Proteinortho significantly reduces the required amount of memory for orthology analysis compared to existing tools, allowing such computations to be performed on off-the-shelf hardware.

Background

Genome annotation largely depends on the determination of sequence intervals that are homologous, and if possible, orthologous to sequences of known identity and function in related genomes. Orthologous genes (orthologs) are derived from a common ancestor by a speciation event [1]. Orthologs are of particular interest because they can be expected to have maintained at least part of their (ancestral) biological function. For protein-coding genes, several well-known databases, including InParanoid[2], OrthoMCL-DB[3], COG-database[4], Homogene[5], eggNOG[6], OMA Browser[7] and Ensembl Compara[8] compile such information. Their content is restricted to data previously published in comprehensive databases of protein sequences such as UniProt[9]. Updates with additional proteomic data thus are published relatively infrequently. Modern high-throughput technologies, however, produce huge amounts of protein data and even larger amounts of transcript data that are computationally translated to putative polypeptide sequences. Oftentimes, therefore, it would be desirable to generate the orthology relation for a particular dataset, so that the availability of orthology data does not limit the set of species or genes that can be included.
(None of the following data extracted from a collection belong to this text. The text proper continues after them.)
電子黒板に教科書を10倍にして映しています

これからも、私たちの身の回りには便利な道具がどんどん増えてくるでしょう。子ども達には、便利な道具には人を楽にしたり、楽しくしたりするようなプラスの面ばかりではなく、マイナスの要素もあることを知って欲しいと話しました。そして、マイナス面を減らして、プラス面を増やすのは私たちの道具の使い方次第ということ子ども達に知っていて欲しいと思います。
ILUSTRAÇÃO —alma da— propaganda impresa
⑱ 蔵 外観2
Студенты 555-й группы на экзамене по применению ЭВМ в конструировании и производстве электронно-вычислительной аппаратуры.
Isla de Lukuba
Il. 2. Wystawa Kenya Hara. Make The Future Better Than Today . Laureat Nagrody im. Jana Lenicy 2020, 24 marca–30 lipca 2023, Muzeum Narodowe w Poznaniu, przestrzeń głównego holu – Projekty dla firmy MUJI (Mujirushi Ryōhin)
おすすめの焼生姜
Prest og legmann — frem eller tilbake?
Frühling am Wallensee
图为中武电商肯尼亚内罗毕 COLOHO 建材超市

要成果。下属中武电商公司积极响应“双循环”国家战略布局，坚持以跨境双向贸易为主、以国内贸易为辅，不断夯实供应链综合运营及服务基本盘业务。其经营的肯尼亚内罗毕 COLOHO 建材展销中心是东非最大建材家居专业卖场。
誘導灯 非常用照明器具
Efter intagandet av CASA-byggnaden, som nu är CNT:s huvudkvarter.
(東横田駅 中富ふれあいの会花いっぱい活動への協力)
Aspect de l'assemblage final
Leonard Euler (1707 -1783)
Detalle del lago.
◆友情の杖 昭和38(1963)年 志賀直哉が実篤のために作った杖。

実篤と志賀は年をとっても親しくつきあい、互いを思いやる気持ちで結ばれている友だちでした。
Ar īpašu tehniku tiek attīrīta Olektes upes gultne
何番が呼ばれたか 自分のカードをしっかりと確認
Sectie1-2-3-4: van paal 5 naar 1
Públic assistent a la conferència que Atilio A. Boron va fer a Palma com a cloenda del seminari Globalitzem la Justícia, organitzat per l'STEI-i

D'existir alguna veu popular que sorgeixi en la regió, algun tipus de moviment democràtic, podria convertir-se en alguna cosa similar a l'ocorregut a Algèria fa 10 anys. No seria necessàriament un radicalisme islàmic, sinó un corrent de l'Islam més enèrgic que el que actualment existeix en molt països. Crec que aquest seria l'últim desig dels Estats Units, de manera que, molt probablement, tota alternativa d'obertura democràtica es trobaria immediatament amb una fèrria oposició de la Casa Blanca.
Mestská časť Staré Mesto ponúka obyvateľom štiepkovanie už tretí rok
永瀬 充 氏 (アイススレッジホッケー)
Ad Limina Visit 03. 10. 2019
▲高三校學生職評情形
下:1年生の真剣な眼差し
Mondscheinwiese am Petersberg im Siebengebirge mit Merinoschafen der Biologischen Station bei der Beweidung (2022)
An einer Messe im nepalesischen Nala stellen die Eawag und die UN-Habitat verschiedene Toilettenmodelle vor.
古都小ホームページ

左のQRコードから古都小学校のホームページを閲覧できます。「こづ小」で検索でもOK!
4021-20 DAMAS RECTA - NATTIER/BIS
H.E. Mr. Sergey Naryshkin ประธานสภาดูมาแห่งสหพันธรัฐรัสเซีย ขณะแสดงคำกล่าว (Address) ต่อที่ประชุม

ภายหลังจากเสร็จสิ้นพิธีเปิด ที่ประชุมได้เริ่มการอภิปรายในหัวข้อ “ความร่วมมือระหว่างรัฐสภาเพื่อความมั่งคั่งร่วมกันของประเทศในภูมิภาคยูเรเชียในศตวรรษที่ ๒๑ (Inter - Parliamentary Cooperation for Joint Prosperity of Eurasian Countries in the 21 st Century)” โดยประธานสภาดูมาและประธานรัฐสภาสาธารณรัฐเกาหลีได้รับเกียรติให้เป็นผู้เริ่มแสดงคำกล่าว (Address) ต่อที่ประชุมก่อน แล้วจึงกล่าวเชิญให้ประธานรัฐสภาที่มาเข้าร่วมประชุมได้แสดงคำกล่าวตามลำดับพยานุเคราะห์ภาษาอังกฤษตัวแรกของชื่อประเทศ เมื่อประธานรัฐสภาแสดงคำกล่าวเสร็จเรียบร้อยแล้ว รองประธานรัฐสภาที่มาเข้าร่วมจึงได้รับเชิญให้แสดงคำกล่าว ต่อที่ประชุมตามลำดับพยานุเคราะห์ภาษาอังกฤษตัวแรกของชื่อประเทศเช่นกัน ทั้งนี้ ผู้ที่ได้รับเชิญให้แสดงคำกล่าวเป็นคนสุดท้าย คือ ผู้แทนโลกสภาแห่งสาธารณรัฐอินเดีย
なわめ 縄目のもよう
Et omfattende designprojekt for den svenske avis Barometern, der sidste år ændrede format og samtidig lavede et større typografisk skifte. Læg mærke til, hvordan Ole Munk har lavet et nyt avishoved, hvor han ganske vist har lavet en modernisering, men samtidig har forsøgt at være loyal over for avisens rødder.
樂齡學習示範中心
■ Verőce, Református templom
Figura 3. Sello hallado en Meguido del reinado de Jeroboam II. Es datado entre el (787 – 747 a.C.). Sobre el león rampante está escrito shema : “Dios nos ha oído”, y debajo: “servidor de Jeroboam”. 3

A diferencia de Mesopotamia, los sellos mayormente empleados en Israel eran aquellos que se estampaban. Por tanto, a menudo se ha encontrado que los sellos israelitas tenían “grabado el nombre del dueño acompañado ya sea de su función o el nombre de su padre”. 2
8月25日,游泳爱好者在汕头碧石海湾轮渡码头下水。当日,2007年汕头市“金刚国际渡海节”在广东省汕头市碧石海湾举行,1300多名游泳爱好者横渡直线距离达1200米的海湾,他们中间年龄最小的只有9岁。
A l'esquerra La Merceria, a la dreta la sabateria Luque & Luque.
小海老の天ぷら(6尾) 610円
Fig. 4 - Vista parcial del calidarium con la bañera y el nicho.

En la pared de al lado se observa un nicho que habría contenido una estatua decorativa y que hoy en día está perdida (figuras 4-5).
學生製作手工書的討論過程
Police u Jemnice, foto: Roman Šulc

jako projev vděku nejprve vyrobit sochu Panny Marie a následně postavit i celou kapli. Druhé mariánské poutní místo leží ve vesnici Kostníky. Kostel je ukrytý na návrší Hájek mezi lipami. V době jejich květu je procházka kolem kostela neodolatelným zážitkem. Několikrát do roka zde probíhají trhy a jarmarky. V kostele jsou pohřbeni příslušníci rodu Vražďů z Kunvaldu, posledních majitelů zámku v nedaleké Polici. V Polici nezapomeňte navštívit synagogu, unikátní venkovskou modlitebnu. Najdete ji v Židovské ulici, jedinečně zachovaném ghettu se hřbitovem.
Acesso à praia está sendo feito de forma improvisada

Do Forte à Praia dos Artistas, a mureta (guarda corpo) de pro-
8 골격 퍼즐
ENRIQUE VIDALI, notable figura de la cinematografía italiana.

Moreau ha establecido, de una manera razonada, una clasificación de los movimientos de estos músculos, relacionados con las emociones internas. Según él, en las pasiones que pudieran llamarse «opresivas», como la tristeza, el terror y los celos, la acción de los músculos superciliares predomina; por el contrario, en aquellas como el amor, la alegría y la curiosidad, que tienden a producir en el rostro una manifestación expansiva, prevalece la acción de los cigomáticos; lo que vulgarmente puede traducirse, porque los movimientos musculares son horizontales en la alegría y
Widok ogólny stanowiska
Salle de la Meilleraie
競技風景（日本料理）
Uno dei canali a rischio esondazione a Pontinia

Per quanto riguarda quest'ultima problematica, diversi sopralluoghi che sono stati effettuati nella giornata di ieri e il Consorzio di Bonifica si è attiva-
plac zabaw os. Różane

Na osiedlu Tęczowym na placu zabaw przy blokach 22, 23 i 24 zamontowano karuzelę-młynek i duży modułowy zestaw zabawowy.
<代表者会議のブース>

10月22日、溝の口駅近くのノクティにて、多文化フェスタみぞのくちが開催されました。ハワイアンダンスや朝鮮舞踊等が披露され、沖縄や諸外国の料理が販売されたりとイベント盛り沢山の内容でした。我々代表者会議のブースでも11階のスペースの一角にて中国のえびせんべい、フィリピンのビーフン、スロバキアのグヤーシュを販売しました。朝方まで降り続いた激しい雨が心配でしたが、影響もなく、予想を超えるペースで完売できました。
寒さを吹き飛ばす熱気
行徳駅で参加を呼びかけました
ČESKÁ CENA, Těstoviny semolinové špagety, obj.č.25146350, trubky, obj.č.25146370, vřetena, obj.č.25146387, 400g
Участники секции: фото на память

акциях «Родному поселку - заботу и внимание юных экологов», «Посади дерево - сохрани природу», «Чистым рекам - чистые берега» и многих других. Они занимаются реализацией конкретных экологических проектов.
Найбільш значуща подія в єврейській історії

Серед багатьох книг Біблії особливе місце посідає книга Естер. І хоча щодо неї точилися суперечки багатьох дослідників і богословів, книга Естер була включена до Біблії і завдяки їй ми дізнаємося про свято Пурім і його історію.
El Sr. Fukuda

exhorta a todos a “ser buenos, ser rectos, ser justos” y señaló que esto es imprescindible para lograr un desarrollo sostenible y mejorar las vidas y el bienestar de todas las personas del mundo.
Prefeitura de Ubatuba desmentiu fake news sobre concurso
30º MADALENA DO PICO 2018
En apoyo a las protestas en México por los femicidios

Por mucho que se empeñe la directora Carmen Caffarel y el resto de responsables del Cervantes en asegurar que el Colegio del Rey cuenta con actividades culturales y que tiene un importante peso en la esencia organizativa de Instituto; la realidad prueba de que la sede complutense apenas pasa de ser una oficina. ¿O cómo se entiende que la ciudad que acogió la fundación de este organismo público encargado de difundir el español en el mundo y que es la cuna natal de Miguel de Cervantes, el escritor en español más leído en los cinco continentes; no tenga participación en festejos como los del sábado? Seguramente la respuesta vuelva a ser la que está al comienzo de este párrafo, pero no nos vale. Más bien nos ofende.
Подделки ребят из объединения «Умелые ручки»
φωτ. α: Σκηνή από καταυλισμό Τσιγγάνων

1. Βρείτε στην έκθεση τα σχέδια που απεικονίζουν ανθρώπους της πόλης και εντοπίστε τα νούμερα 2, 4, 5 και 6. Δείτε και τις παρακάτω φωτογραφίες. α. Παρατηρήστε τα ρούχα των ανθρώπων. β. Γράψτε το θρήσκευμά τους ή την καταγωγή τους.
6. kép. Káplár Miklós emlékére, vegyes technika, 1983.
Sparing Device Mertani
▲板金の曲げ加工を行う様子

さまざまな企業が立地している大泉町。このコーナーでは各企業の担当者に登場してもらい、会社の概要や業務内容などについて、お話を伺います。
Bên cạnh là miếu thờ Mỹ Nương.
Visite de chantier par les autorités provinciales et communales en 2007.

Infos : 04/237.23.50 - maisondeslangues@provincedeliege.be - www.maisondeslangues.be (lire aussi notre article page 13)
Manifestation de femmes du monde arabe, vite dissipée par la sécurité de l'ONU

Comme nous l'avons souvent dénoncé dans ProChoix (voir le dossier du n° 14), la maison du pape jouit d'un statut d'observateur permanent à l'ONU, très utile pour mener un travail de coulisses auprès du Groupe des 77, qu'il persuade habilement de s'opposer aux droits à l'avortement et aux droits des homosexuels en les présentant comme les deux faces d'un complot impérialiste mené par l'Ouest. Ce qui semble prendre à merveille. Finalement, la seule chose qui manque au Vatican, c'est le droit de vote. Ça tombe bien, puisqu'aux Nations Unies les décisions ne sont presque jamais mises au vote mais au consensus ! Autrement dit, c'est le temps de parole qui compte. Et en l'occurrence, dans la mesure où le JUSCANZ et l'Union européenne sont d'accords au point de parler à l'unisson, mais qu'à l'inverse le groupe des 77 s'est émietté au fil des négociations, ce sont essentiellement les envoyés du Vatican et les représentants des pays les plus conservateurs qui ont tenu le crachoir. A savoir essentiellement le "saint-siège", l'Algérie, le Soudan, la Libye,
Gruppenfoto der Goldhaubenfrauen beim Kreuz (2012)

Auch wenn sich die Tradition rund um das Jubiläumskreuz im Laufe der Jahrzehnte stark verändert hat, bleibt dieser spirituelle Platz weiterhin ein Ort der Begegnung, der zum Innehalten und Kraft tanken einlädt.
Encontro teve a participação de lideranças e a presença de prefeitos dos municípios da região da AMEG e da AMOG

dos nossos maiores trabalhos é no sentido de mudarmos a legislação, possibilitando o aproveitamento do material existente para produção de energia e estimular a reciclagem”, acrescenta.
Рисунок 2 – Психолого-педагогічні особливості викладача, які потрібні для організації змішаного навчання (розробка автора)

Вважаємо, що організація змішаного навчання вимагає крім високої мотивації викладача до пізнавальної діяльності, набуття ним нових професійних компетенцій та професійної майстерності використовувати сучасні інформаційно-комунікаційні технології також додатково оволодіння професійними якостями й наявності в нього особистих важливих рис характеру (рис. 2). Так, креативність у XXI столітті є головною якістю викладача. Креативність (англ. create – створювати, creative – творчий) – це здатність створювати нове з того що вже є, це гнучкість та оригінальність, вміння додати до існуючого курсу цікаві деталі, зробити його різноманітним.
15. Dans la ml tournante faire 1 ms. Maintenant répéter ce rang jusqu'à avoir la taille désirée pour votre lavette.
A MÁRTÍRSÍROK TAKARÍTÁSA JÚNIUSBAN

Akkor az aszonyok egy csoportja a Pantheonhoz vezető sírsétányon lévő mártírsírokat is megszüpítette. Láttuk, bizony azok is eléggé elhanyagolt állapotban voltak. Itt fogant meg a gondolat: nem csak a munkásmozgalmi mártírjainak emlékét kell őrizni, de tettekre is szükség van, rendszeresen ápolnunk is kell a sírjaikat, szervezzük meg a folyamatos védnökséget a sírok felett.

The computation of genome-wide orthology data, however, is a challenging and time consuming task with the currently available tools. In many cases, orthologs cannot be identified unambiguously by means of sequence comparison. The main difficulty arises from the presence of paralogs (homologous genes within the same genome) which can make it very difficult to recognize the correct ortholog among the other homologs. Gene duplications following the speciation, furthermore, create two or more genes in one lineage that are, collectively, orthologous to one or more genes in another lineage. Such genes are known as co-orthologs [10].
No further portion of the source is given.